I really need to dig into the work of Aki Kurismaki, as I've only seen a small handful of his films, and they really are a joy. Fallen Leaves is consistently laugh-out-loud funny, but the humour is extremely small and dry - the biggest running joke in the film involves a character being mildly put out that some people think he's older than he is. Part of this approach comes from the fact that the film always starts with these well-defined characters, and then searches for the little moments that happen in real life that make us laugh. Even the one-scene characters get memorable and hilarious pieces of business - the security guard intensely staring, looking for signs of product theft, or the nurse who doesn't need her ex-husband's clothing anymore because she's changed the locks. These were funny, but real, moments that filled the cinema with laughter, from characters we never see again.

But the core of this film is this extremely sweet and affectionate relationship between Ansa and Holappa. The thing I found fascinating was the way the barriers to their relationship come in waves. As one resolves, another takes its place. I've seen movies which would take a situation like a lost phone number, and that would become the driver of the entire drama - here it's resolved after ten minutes. But then something else presents itself, and then something else again, and each of these could be the subject of a film, but instead these are just momentary issues that the characters are willing to work through. But that's the point of the film - in a lot of romantic comedies, the couple is perfect for each other, but there is just one problem that's preventing them from getting together. But that's not true in real life, where every relationship is a culmination of small coincidences, compromises, and acceptances. And some of these problems don't actually reach a resolution - Holappa's alcoholism, which caused him to drink into a near-unconscious stupor, isn't going to be cured after a few weeks - but there's a sense that, if one person is prepared to do whatever needs to be done to resolve the problem, the other is willing to step forward to provide whatever support is needed.

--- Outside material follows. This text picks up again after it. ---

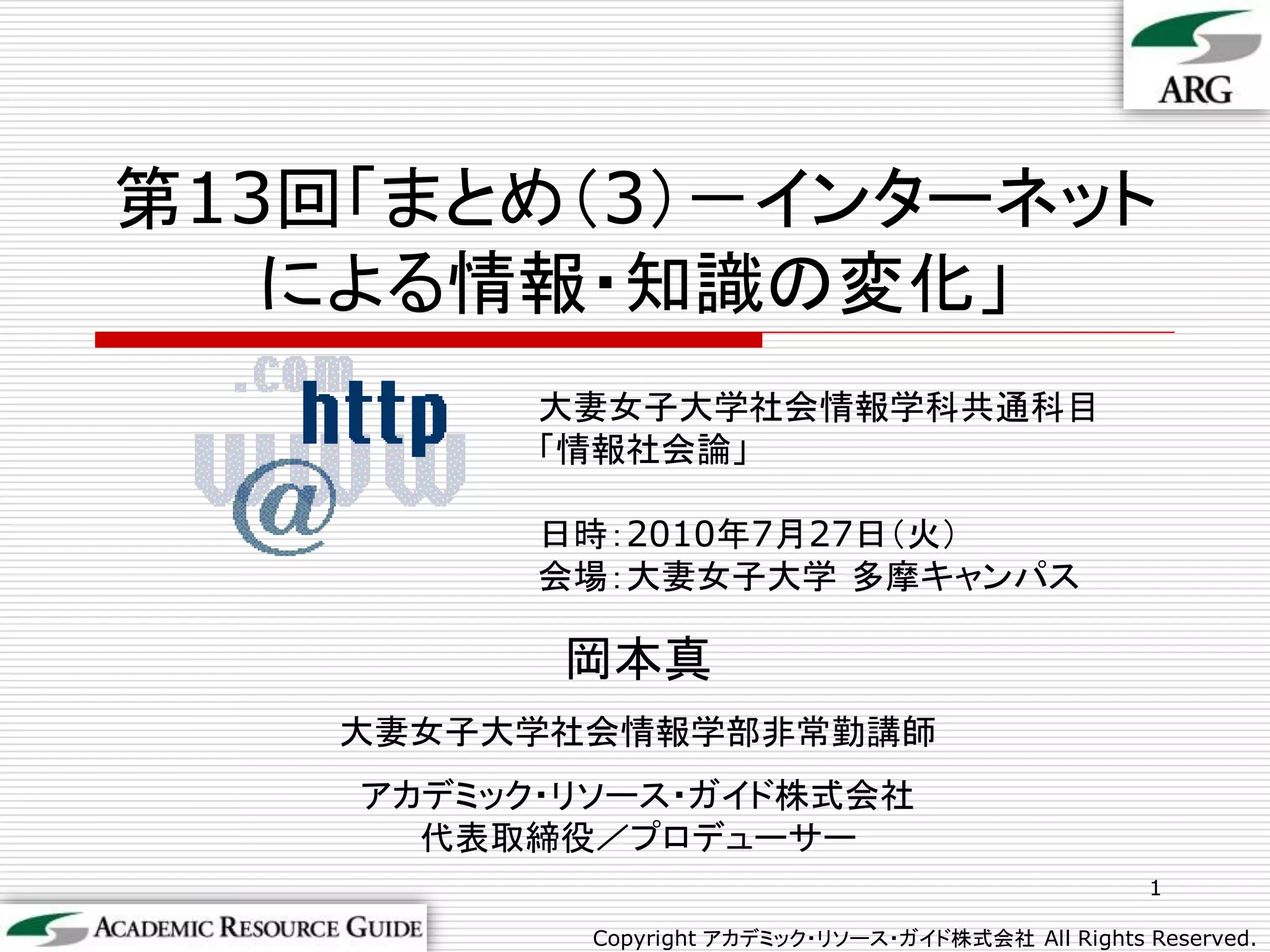 第12回 7月20日 まとめ(2)-インターネットによる情報・知識の変化(学生の発表中心)

One thing I felt puzzled by was the fact that every time any character turns on the radio, there's always news about the Russian invasion of Ukraine, which people usually turn off very quickly. And it happens a lot. It's so prominent that I ultimately felt I needed to do some research after the film, just to figure out what it meant. This led me to the discovery that Finland shares a border with Russia (my geography is very bad), and that there was even a point where Finland was part of Russia. It feels as though Russia is this big aggressor neighbour, about whom there is some lingering fear that they might turn their eyes to Finland next. And this seems to leads to an attitude of quiet resignation. Whatever Russia chooses to do, Russia will choose to do. There's no point in feeling anxious about it, it's just important to enjoy whatever time we have in-the-moment, and to improve your lot in life while you can. And this Que Sera, Sera attitude seems to feed into everything everyone does in the film. You lose your job, no big deal, find a new one. You're not happy that people see you as older than you are, then take steps to improve the way you're living. 

This was the perfect way to bring the festival to a close. It's an utterly joyous film, sweet but not saccharine, funny but truthful. It's wonderful.